Bu, dediğimiz gibi, maliyetler üzerinde olumlu bir etkiye sahip olabilir. Maliyetin düşürülmesi, öğrencilerin bu üniversitelere daha fazla dalmasını sağlayarak, daha iyi eğitimli profesyonellerden oluşan bir kadronun yanı sıra daha rekabetçi ve gelişmiş bir iş gücü yaratabilir; ayrıca daha az borçlu. Dediğim gibi, henüz sorgulanmamış ama şüphesiz işe yarayabilecek bir şey.

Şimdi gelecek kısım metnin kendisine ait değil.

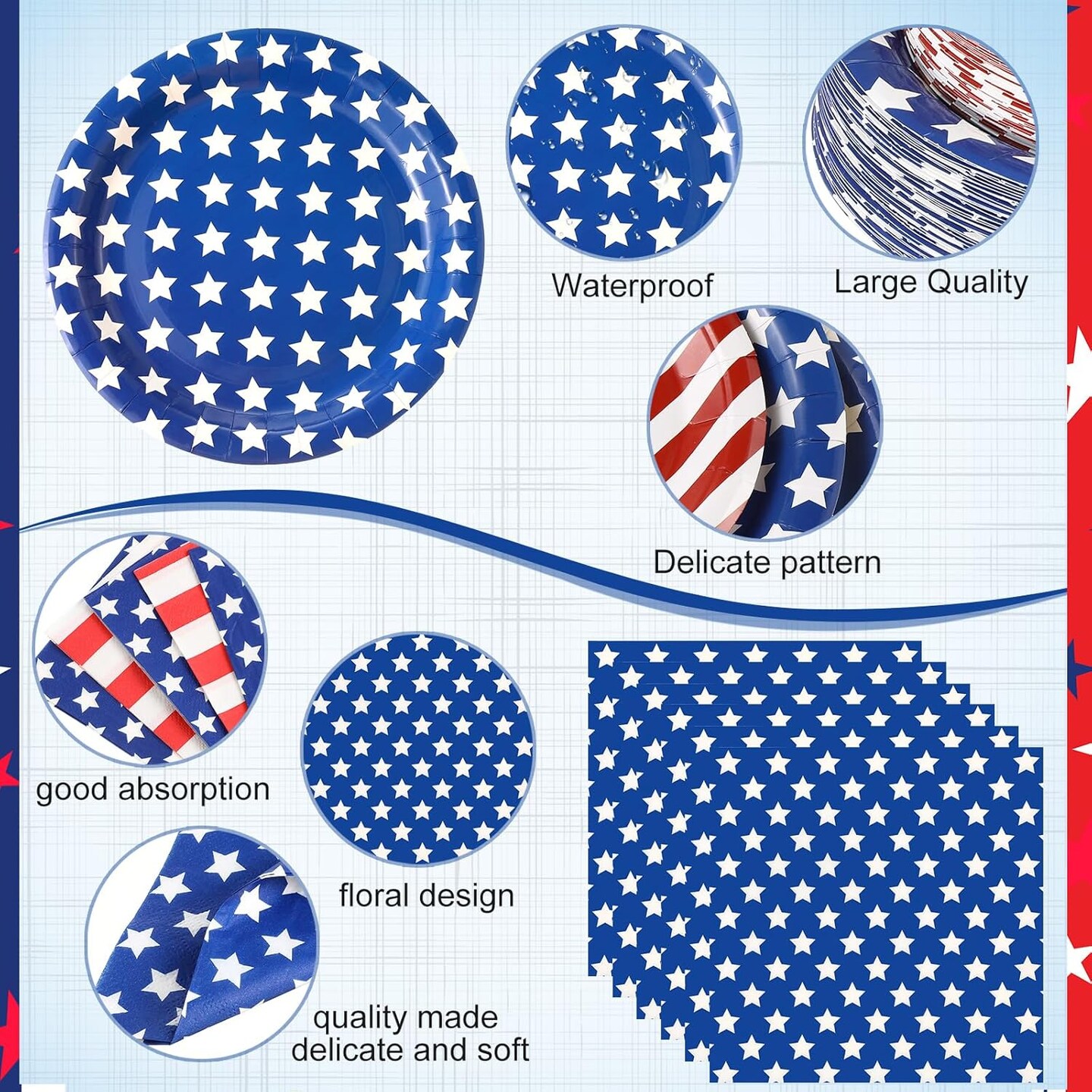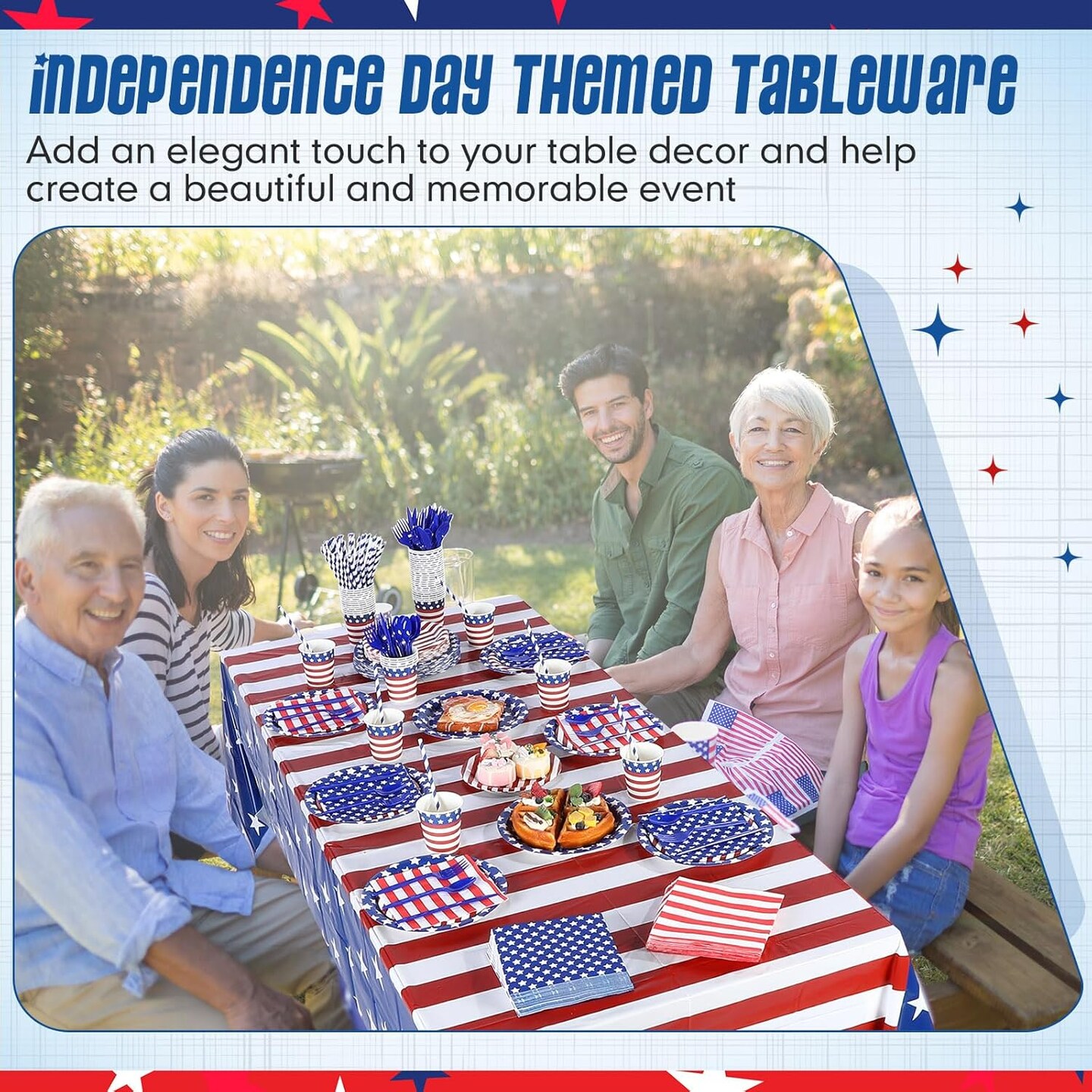 452 Pcs Patriotic Party Supplies American Flag Decoration 4th of July Paper Plates Napkins Cups Tablecloth Cutlery Straws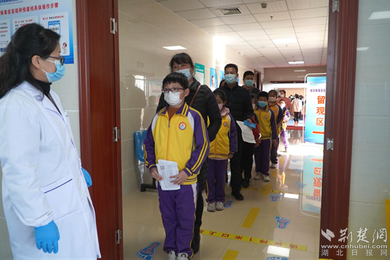 荊楚網(wǎng)(湖北日?qǐng)?bào)網(wǎng))訊(通訊員 余晨)11月11日下午,在黃岡市疾病預(yù)防控制中心新冠疫苗接種點(diǎn),3-11歲人群新冠疫苗接種工作正有序進(jìn)行。前來接種的小朋友們?cè)诩议L的陪護(hù)下,戴口罩,排好隊(duì),經(jīng)過掃碼建檔、測(cè)體溫、健康問詢等程序后進(jìn)入接種室,接種完后留觀30分鐘后無異常便可離開。整個(gè)流程高效快捷,秩序井然。

Ortadan kaldırılacak herhangi bir şüphe varsa, o da teknolojik ilerlemenin derecesinin birkaç yıl içinde büyük ölçüde azalacağı değildir. Keşifler ve bilim çarçabuk gelişiyor, böylece ekonomimizi etkiliyor. Darwin, hayatta kalacak türlerin farklı senaryolara en iyi uyum sağlayan tür olacağını söyledi, bu da üniversitelerin adaptasyonu hakkında çok fazla düşündüren bir şey. Verilmezse, bizi şu hipoteze götürebilecek bir uyarlama: Bildiğimiz üniversiteler hayatta kalacak mı? Ve eğer yaparlarsa, şirketlerde nitelikli pozisyonlara erişmek için maksimum olmaya devam edecekler mi?

Gittikçe daha fazla şirket, adaptasyon ve yeteneklerin çok önemli bir rol oynadığı diğer maddi olmayan varlıklara değer verse de, bunun cevabı bugüne kadar bilinmiyor.